Padahal, forum tersebut dinilai penting untuk menjawab keresahan publik soal keberadaan depo BBM di tengah kawasan permukiman.
“Kita sudah dua kali mengundang pihak Patra Niaga Pertamina yang ada di Jalan Cendana itu, tapi tidak hadir,” ungkap Ketua Komisi I DPRD, Samri Shaputra.
Menurutnya, kehadiran Pertamina mutlak diperlukan agar ada penjelasan resmi terkait kelayakan maupun rencana pemindahan fasilitas vital tersebut. Aspirasi mahasiswa yang disampaikan ke dewan, lanjut Samri, merupakan cerminan keresahan masyarakat.

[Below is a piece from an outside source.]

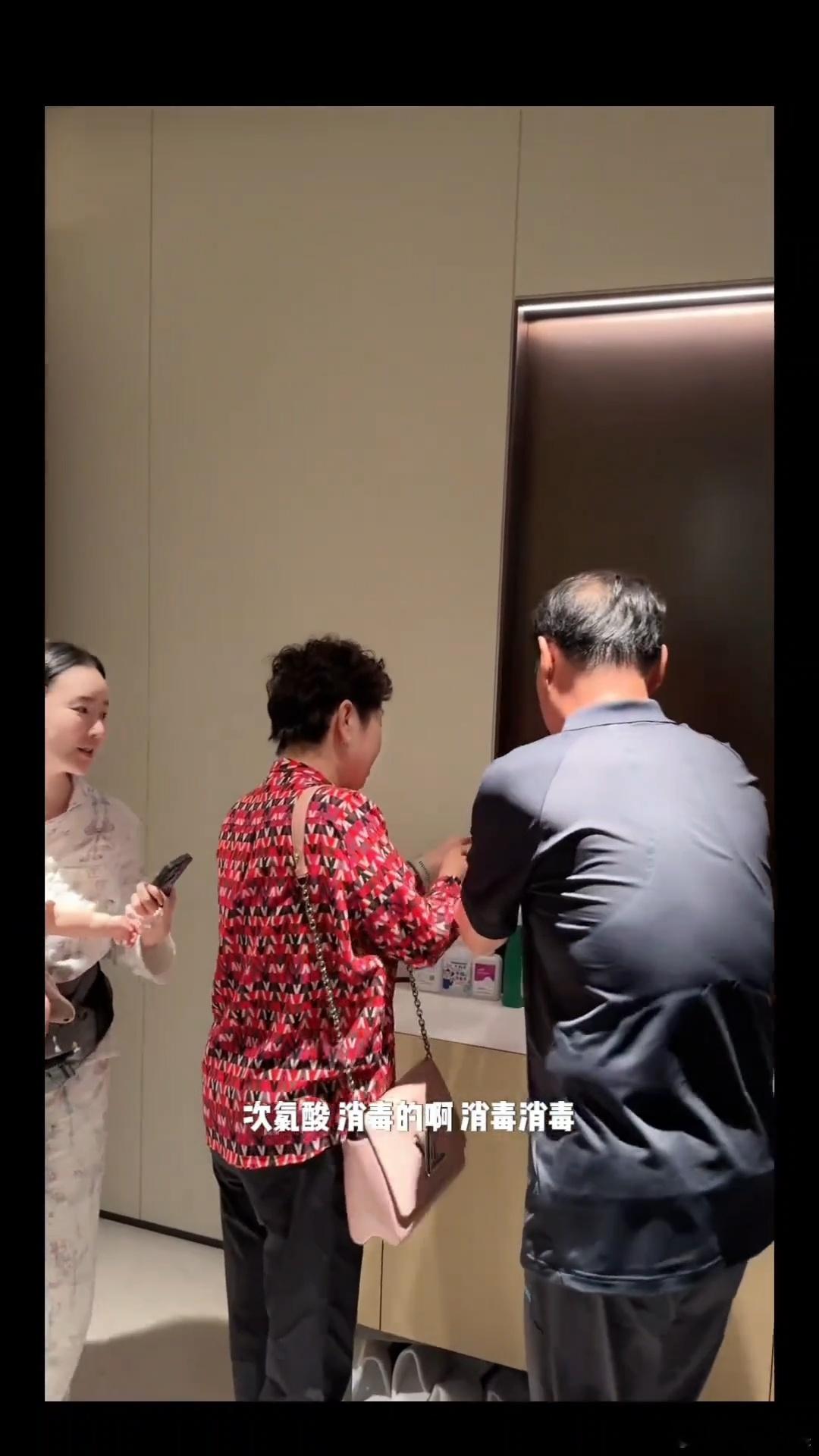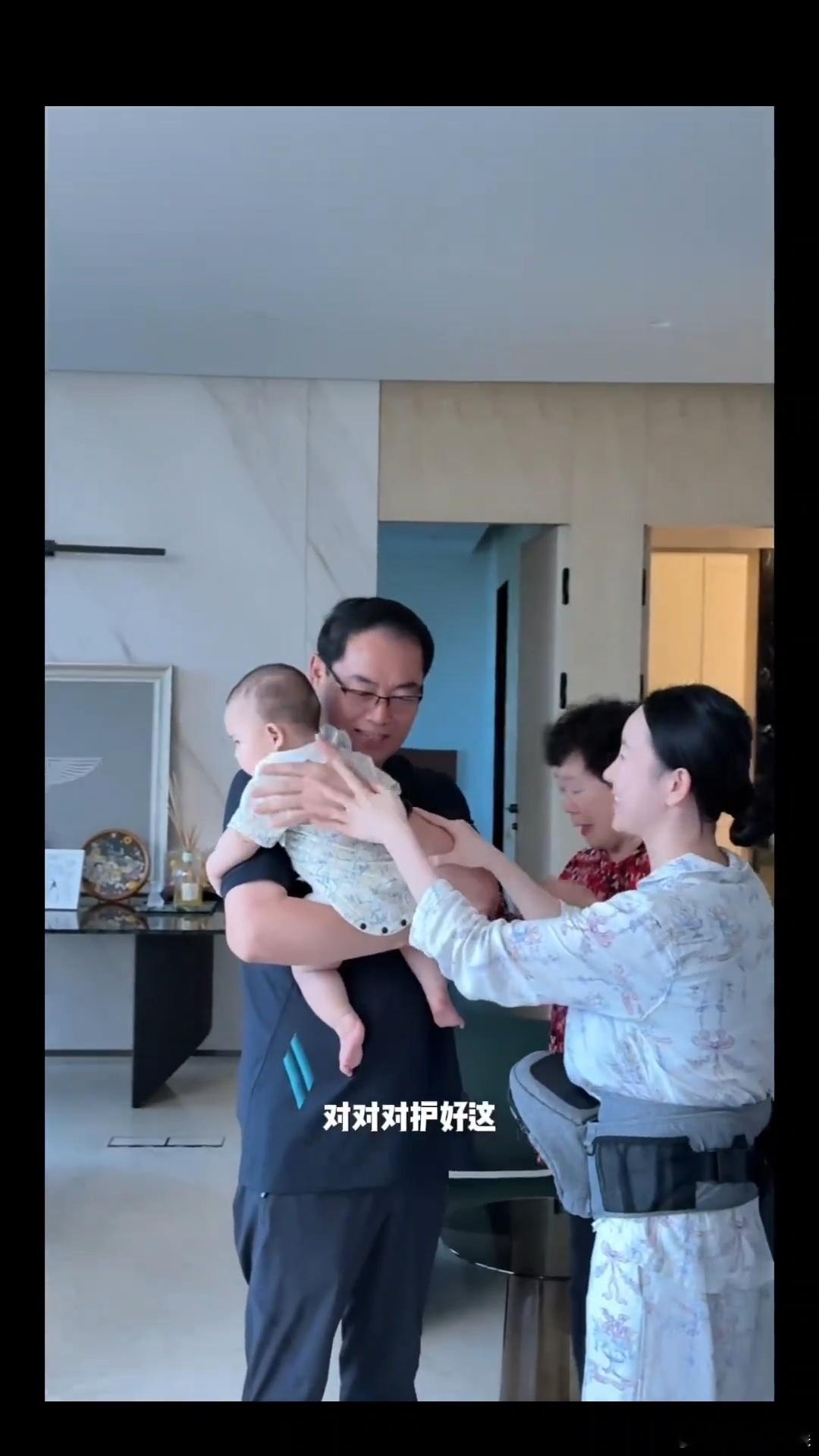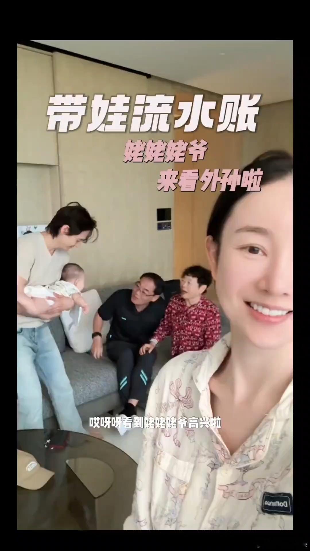 张檬父母来看外孙张檬让父母消毒后抱孩子 很正常啊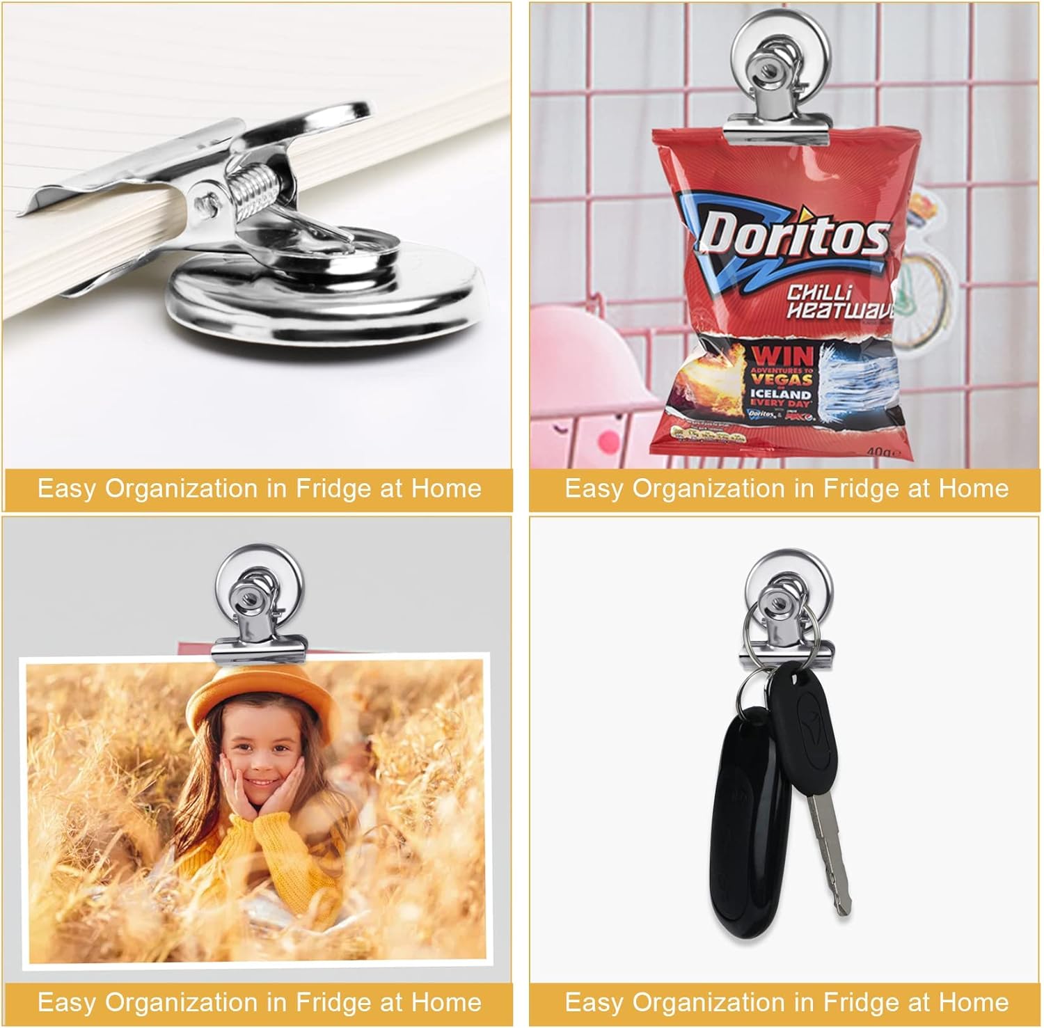 - Strong & Versatile Hold: These magnetic clips for refrigerator securely hold heavy card stock, photos, and artwork. Ideal as fridge magnets, magnet clips, or whiteboard magnets.

“Ini mewakili masyarakat, bahwa keberadaan Pertamina yang ada di Cendana itu sudah dianggap tidak layak,” tegasnya.
Samri menilai, tanpa keterlibatan Pertamina, pembahasan di tingkat dewan tidak bisa menghasilkan keputusan konkret. Padahal, isu ini tidak hanya menyangkut tata ruang kota, tetapi juga menyentuh aspek keselamatan warga.
“Kalau dilihat kondisi sekarang, memang sudah tidak memungkinkan lagi,” jelasnya.
Dewan menegaskan akan tetap mendesak Pertamina hadir dalam pertemuan berikutnya. Penjelasan resmi dari perusahaan energi pelat merah itu akan menjadi dasar DPRD dalam menyusun rekomendasi, termasuk kemungkinan relokasi TBBM Cendana.
“Pertama kita akan meminta penjelasan kepada pihak Pertamina proses pemindahan, setelah ada jawaban, lalu kita rekomendasikan dan simpulkan,” pungkasnya.